Comment 39 Guillaume GARDET 2018-10-26 08:57:57 UTC
Just to be sure, I built latest Kernel:stable (4.19.0) for Leap 15.0 (which uses GCC7). The kernel is broken in the same way.
Comment 40 Guillaume GARDET 2018-10-26 13:44:20 UTC
I think I have found why armv7l kernel fails now: the kernel is simply too big.
IIUC, zImage is relocated and decompressed after the initial zImage space.

Currently we have 32 MB between start of zImage and start of initrd. So, the size of zImage + the size of uncompressed image (vmlinux) + a little bit of malloc, must fit in 32MB.

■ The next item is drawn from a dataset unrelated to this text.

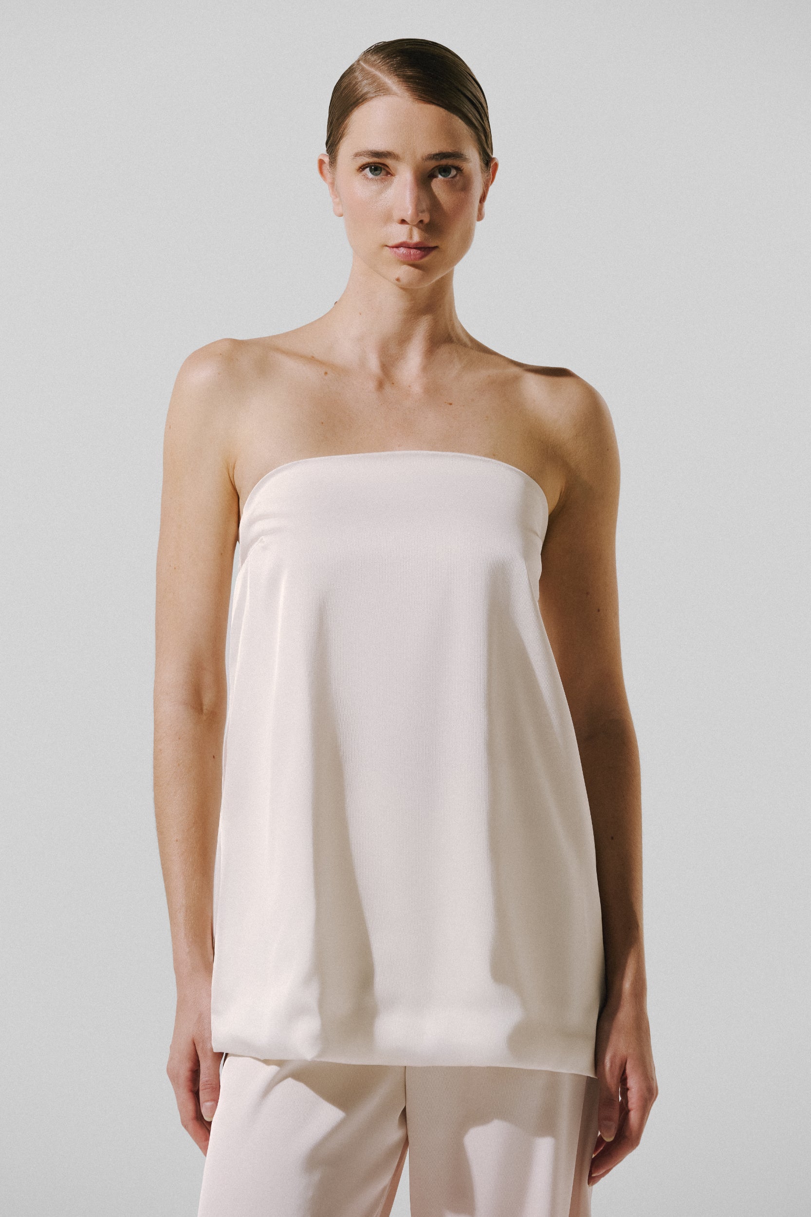 Introducing the "Suzu Top" in Milk – a strapless top with structured darts for a tailored fit. Designed with an elastic silicone grip for support and a side zipper closure for ease. Fully lined for coverage. Pair with matching pieces for a complete look.

For Leap 15.0 kernel-default is 7.7 + 24.2 = 31.9 MB, so it is fine.
For kernel-default-4.18.15-1.2.armv7hl (current TW version) we have: 8.3 + 25.9 = 34.2 MB which is too large.
For the kernel-default 4.19.0 from kernel:stable it is worth: 8.5 + 26.4 = 34.9 MB

The solutions are to:
* get a smaller kernel
* or patch Grub (or U-Boot, depending on the board) to load initrd at a bigger address

I think, it would be better to get a smaller kernel. Using optimize for size instead of optimize for performance for armv7 would be the quicker way to get a smaller kernel.
Comment 41 Matwey Kornilov 2018-10-26 16:28:25 UTC
...or review existing default config for armv7l to replace some y-s with m-s.
Comment 42 Guillaume GARDET 2018-11-30 14:03:48 UTC
I fixed the problem (for -stable branch) with the patch posted to opensuse-kernel ML: https://lists.opensuse.org/opensuse-kernel/2018-11/msg00000.html

With kernel 4.19.5 with this config patch, kernel boots properly on Pandaboard.
Comment 43 Andreas Färber 2018-12-11 17:12:30 UTC
(In reply to Guillaume GARDET from comment #42)
> I fixed the problem (for -stable branch) with the patch posted to
> opensuse-kernel ML:
> https://lists.opensuse.org/opensuse-kernel/2018-11/msg00000.html
> 
> With kernel 4.19.5 with this config patch, kernel boots properly on
> Pandaboard.

This 4.19.x patch has now built here:
https://build.opensuse.org/project/show/Kernel:stable

Please also help test today's new 4.20-rc6 kernels:
https://build.opensuse.org/project/show/Kernel:HEAD

For 4.20 I've enabled EFI support for armv6hl and armv7hl, but it may require a GRUB update to 2.03 (or backport) for efistub to get used there.
Comment 44 Michael Chang 2018-12-12 09:48:00 UTC

(In reply to Andreas Färber from comment #43)
> (In reply to Guillaume GARDET from comment #42)
> > I fixed the problem (for -stable branch) with the patch posted to
> > opensuse-kernel ML:
> > https://lists.opensuse.org/opensuse-kernel/2018-11/msg00000.html
> > 
> > With kernel 4.19.5 with this config patch, kernel boots properly on
> > Pandaboard.
> 
> This 4.19.x patch has now built here:
> https://build.opensuse.org/project/show/Kernel:stable
> 
> Please also help test today's new 4.20-rc6 kernels:
> https://build.opensuse.org/project/show/Kernel:HEAD
> 
> For 4.20 I've enabled EFI support for armv6hl and armv7hl, but it may
> require a GRUB update to 2.03 (or backport) for efistub to get used there.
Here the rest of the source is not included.